Like her, a lot of women come together, forming small saving groups, since local traditions often forbid women to handle money, to own property or to inherit. Male relatives are taking over, handling women’s money, which often results “in wasting money by buying local brewed beers, since alcoholism is not that unusual. We have a high unemployment rate here.”, the woman seated next to me explains. Women groups are encouraging each other to speak up, gain life skills, share challenges and some of them go out to reach the community with music, dance and drama performances to raise awareness about women’s and girls’ rights.
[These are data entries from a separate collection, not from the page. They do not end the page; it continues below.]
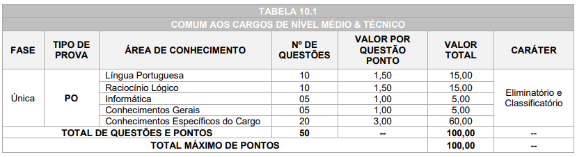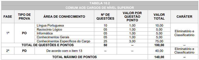 • Prova objetiva (PO) de caráter eliminatório e classificatório para todos os cargos;
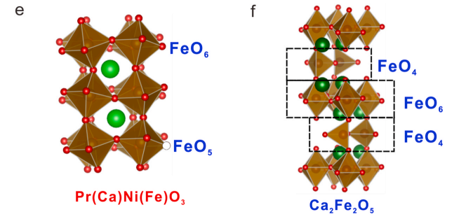 本工作通过自组装法一锅合成了名义组成为Pr0.2Ca0.8Fe0.8Ni0.2O3实际包含钙钛矿Pr(Ca)Fe(Ni)O3-δ和钙铁石Ca2Fe2O5两相材料。得益于Ca2Fe2O5丰富的氧空位浓度所带来的较强的CO2吸附能力和两相材料复合效果,该材料在800 oC下给出了高出常规钙钛矿材料一个数量级的表面化学交换系数(1.104×10−4cm−1);基于其组装的电解池Pr(Ca)Fe(Ni)O3-δ-Ca2Fe2O5//LSGM//LSCF在800 oC/1.5V的条件下获得0.648 Acm−2的电流密度,并在变温变负载模拟电解CO2测试中维持了接近300小时的稳定性。因此,自组装法为复合电极材料的设计和合成开辟了新策略。
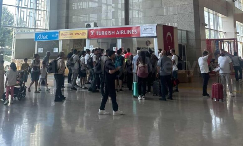 Yolcular, uçaktan indirilerek terminale alınırken; uçakta inceleme gerçekleştirildi ve uçağın seferi iptal edildi.
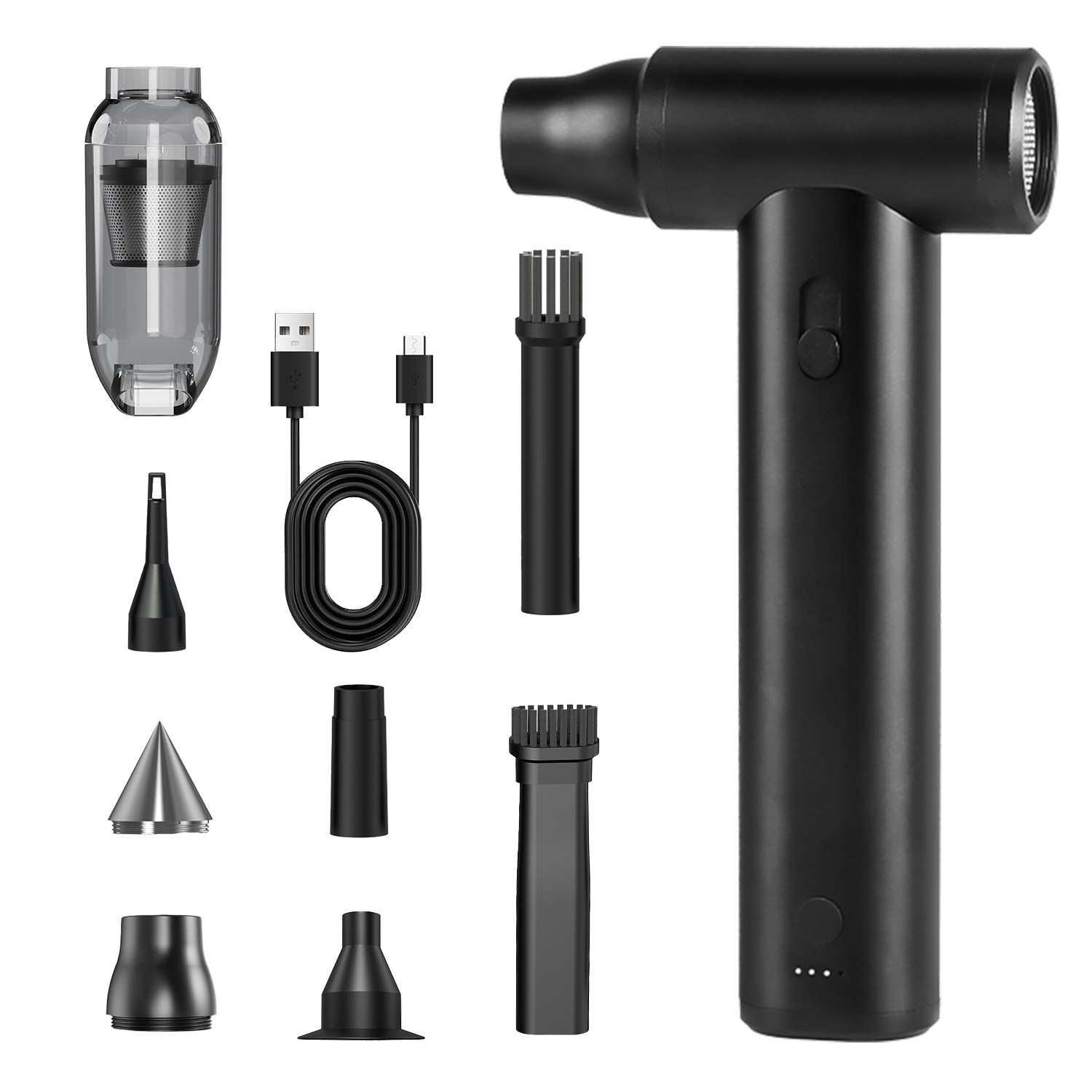 Equipped with powerful brushless motor, our innovative compressed air duster with 19Pcs accessories is designed for all your cleaning demands. The front end delivers strong airflow for blowing away dust and debris, while the rear end is for vacuum cleaning and extraction purposes. Reaching up to a maximum rotate speed of 250,000 RPM, high-speed airflow generated by this cordless dust blower thoroughly and deeply removes debris from even the tightest crevices. Suitable for cleaning keyboard, laptop, camera, car seat, blind cleaning as well as inflating airbeds, lifeboats, pool floats or starting fires at picnics.
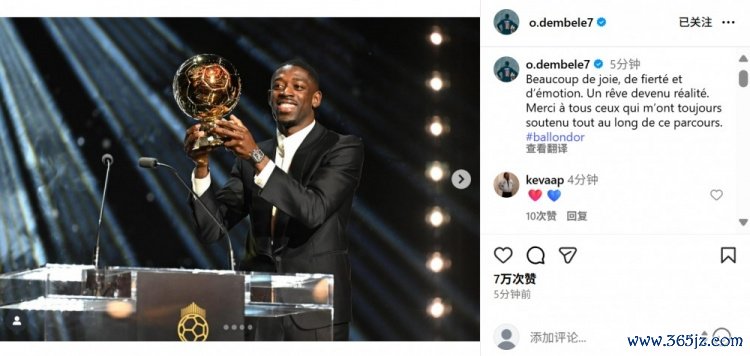 登贝莱在个人社媒也晒出手捧奖杯的照片中超联赛直播在线观看免费,足球资讯配文写道:“这一刻情绪万千, 吹响体育集结号英超NBA直播无比开心与骄傲。我的一个理想 实现了, 西甲感谢一路走来一直支持我的所有人!”

It’s a joint struggle and everyone must play their part.
That is the conclusion of another chairwoman of a local women’s group in her speech, directing a demand for focused actions about women empowerment to the district politicians.
The weather is changing. From one second to another, huge dark clouds are rising and the wind is blowing. The rainy season is finally arriving, and it soon begins to downpour heavily. Everyone flees in the nearby school buildings, I found myself in the classroom of P5. Happy for the rain to come, no one is stressed or sad that the event found its quick ending. Far from it! – Dancing and singing, the celebration is continuing inside. I am totally amazed by these inspiring girls and women who shortly ago had to suffer from the LRA insurgency, losing relatives and friends, living and growing up in refugees camps, losing all they have had and experienced extreme poverty. And now, here they are: Brave enough to speak up, breaking traditional settings, fighting for a better life. I’m watching their performance, reading their signpost, I totally agree: Women and Girls Can!